From the Guidelines
The patient's acute kidney injury has likely been managed appropriately with IV fluid administration, and ongoing management should focus on preventing further kidney injury and addressing the underlying anemia. To prevent further kidney injury, it is essential to maintain adequate hydration and avoid nephrotoxic medications, as supported by the American College of Radiology's guidelines on renal failure 1. The patient should be advised to drink at least 2 liters of fluid daily and temporarily avoid medications such as NSAIDs and certain antibiotics that can exacerbate kidney damage. Follow-up creatinine testing in 1-2 weeks is crucial to ensure continued improvement in kidney function.
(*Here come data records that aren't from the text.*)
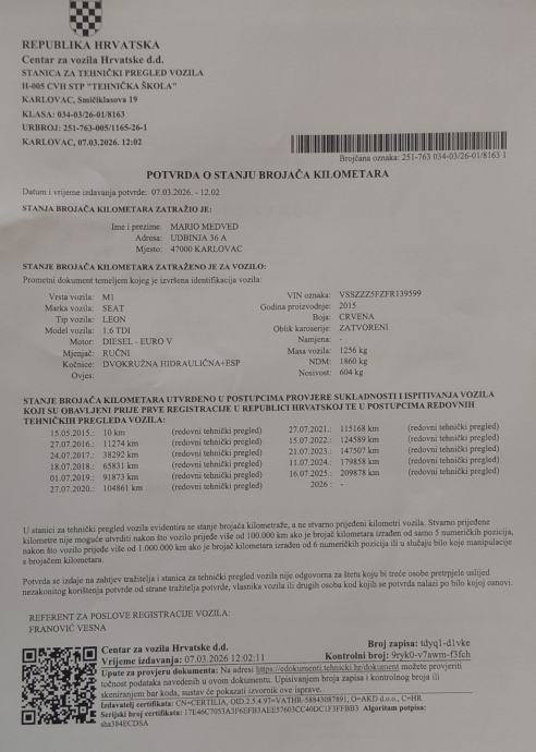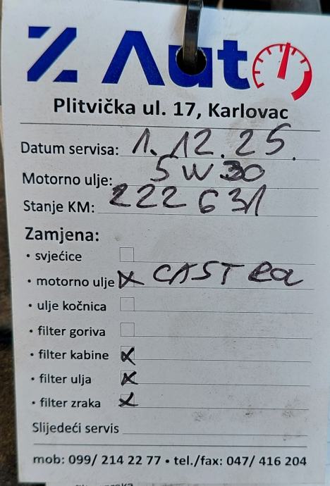 Veliki servis napravljen u 6/2025 na 207000km. Zadnji mali servis napravljen 1.12.2025 na 222600km.
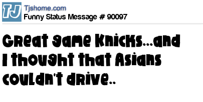 X is Great game Knicks...and I thought that Asians couldn't drive..
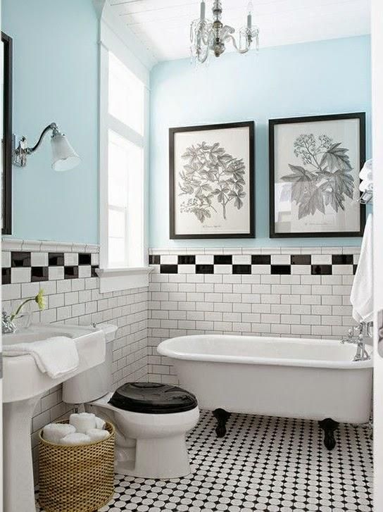 En principio, sugiero pintar los azulejos; hay una pintura maravillosa que consigue cambios espectaculares y disimula todas las imperfecciones de los azulejos antiguos. Se puede optar por pintura lisa o a rayas, incluso hay papel pintado perfecto para baño; sugiero pintar o decorar sólo una pared para no cargarlo mucho.

Regarding the anemia, since iron and B12 levels are normal, further evaluation for other causes is warranted, including:
- Checking folate levels
- Reticulocyte count
- Peripheral blood smear
- Erythropoietin levels, which may be relevant if chronic kidney disease is suspected, as kidneys produce erythropoietin, which stimulates red blood cell production 1. If the anemia persists despite kidney function recovery, additional workup, including hemolysis studies or possibly bone marrow evaluation, might be necessary. The patient should be monitored for symptoms of anemia, such as fatigue, dizziness, or shortness of breath, and managed accordingly to improve quality of life and prevent further morbidity. Key aspects of the patient's management include:
- Preventing further kidney injury through hydration and avoidance of nephrotoxic medications
- Evaluating and managing the underlying anemia
- Monitoring for symptoms of anemia and kidney injury
- Follow-up testing to ensure continued improvement in kidney function.
From the Research
Patient Profile
- 60-year-old female patient with acute kidney injury (AKI)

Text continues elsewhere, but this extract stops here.